__Try it__. Taking the line with "Figure 3. Exit" as the first and the line with "Ross Taylor (93)" as the last, set down the lines below exactly, pictures excluded.

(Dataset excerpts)
BEGIN

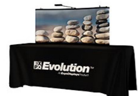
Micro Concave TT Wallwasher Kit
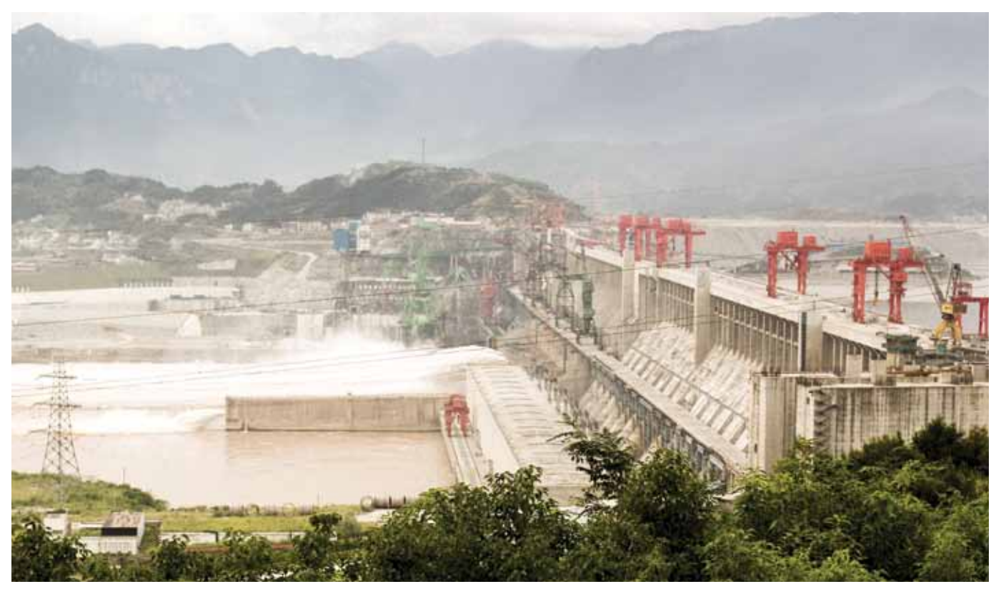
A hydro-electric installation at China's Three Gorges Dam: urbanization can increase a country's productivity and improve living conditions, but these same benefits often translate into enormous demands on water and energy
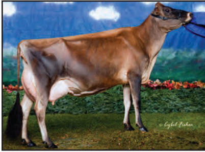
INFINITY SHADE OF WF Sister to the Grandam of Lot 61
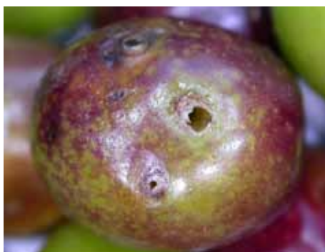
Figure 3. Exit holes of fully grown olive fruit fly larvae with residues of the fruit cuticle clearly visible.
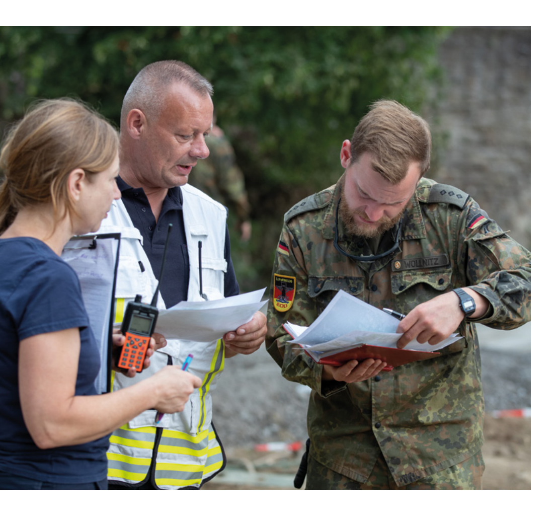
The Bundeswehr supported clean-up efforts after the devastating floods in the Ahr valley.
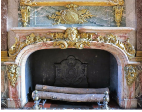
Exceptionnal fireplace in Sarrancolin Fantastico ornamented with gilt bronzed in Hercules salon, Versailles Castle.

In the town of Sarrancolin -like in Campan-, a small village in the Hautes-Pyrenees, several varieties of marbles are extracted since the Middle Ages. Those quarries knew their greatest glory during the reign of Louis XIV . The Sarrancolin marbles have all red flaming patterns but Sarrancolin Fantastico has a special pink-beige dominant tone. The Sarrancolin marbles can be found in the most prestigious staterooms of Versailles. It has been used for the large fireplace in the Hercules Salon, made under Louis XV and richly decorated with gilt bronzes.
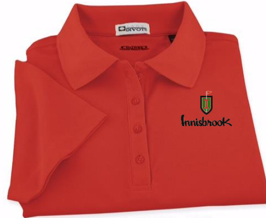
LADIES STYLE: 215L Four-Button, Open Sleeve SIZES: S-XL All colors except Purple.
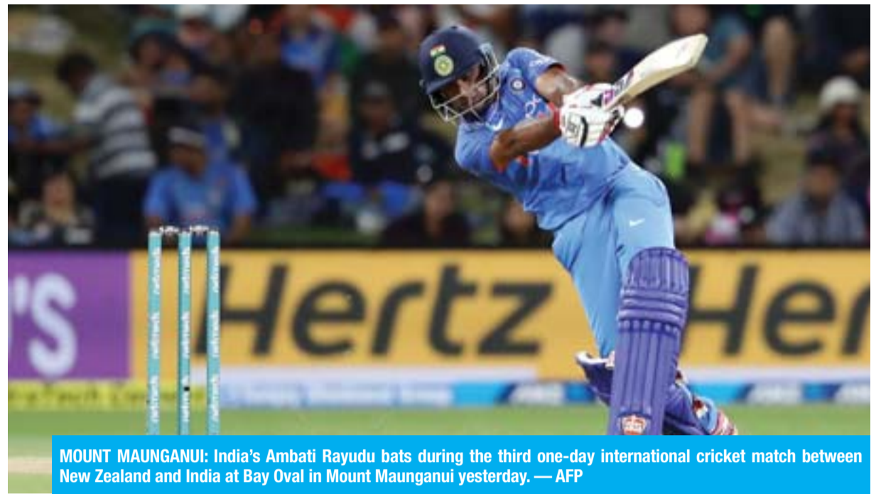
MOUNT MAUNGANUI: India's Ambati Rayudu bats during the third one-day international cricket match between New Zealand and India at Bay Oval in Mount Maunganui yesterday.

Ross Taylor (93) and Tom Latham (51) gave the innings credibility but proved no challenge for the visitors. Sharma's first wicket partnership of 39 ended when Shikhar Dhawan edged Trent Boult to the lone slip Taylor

END
BEGIN

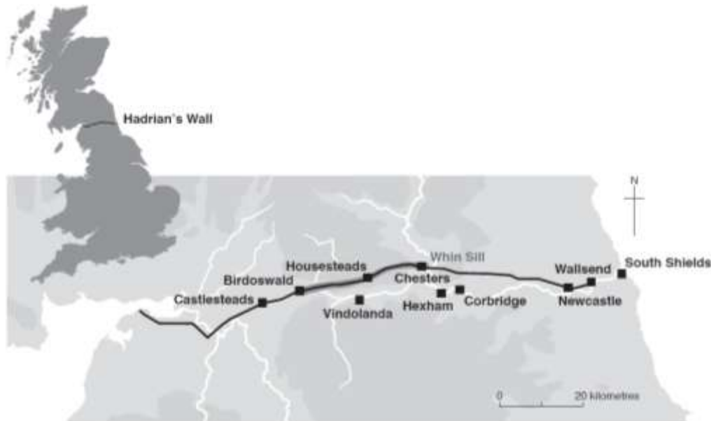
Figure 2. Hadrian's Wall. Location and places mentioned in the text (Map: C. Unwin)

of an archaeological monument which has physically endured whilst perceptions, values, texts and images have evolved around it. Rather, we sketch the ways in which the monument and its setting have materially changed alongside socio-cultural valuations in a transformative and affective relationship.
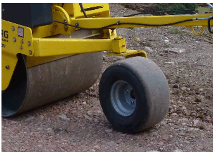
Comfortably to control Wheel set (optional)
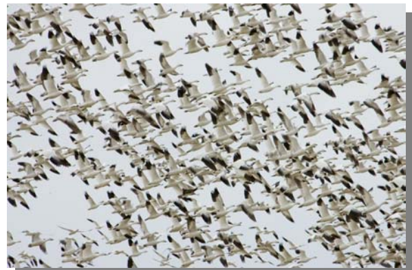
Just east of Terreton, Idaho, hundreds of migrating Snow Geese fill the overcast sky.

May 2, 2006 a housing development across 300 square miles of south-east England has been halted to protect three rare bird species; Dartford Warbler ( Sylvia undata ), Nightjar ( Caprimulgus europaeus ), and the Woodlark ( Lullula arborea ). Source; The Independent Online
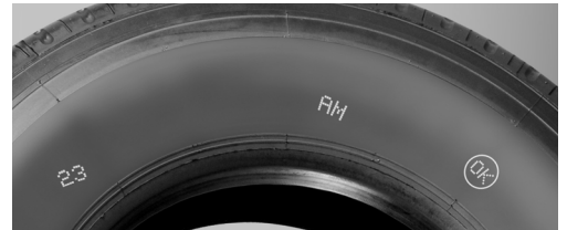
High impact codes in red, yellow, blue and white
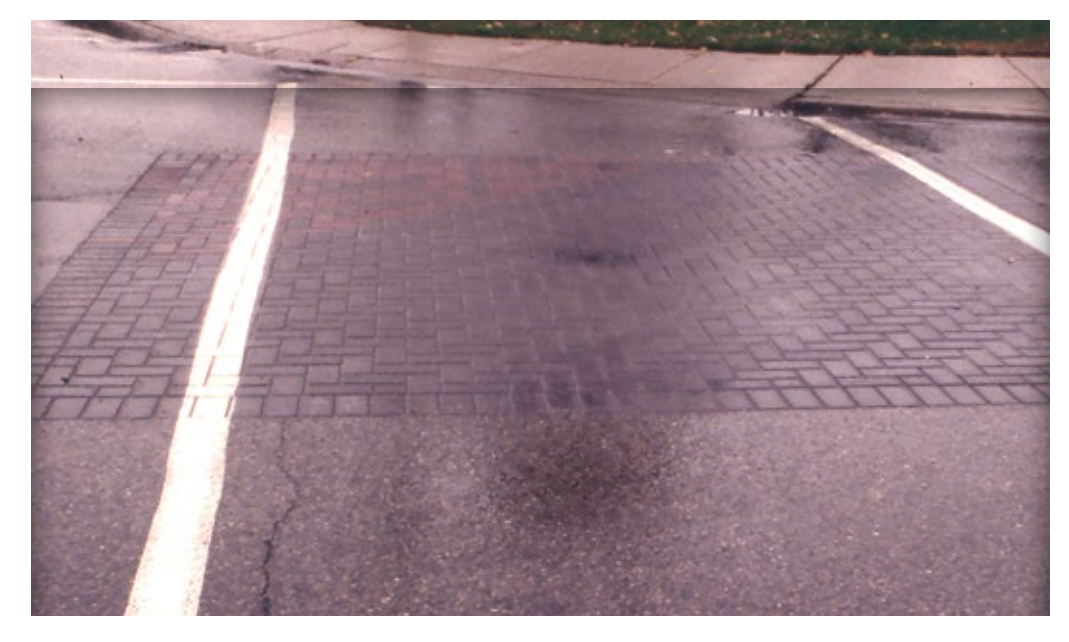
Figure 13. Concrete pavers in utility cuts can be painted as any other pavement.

END

__Solution for this task__.
Figure 3. Exit holes of fully grown olive fruit fly larvae with residues of the fruit cuticle clearly visible.
The Bundeswehr supported clean-up efforts after the devastating floods in the Ahr valley.
Exceptionnal fireplace in Sarrancolin Fantastico ornamented with gilt bronzed in Hercules salon, Versailles Castle.

In the town of Sarrancolin -like in Campan-, a small village in the Hautes-Pyrenees, several varieties of marbles are extracted since the Middle Ages. Those quarries knew their greatest glory during the reign of Louis XIV . The Sarrancolin marbles have all red flaming patterns but Sarrancolin Fantastico has a special pink-beige dominant tone. The Sarrancolin marbles can be found in the most prestigious staterooms of Versailles. It has been used for the large fireplace in the Hercules Salon, made under Louis XV and richly decorated with gilt bronzes.
LADIES STYLE: 215L Four-Button, Open Sleeve SIZES: S-XL All colors except Purple.
MOUNT MAUNGANUI: India's Ambati Rayudu bats during the third one-day international cricket match between New Zealand and India at Bay Oval in Mount Maunganui yesterday.

Ross Taylor (93) and Tom Latham (51) gave the innings credibility but proved no challenge for the visitors. Sharma's first wicket partnership of 39 ended when Shikhar Dhawan edged Trent Boult to the lone slip Taylor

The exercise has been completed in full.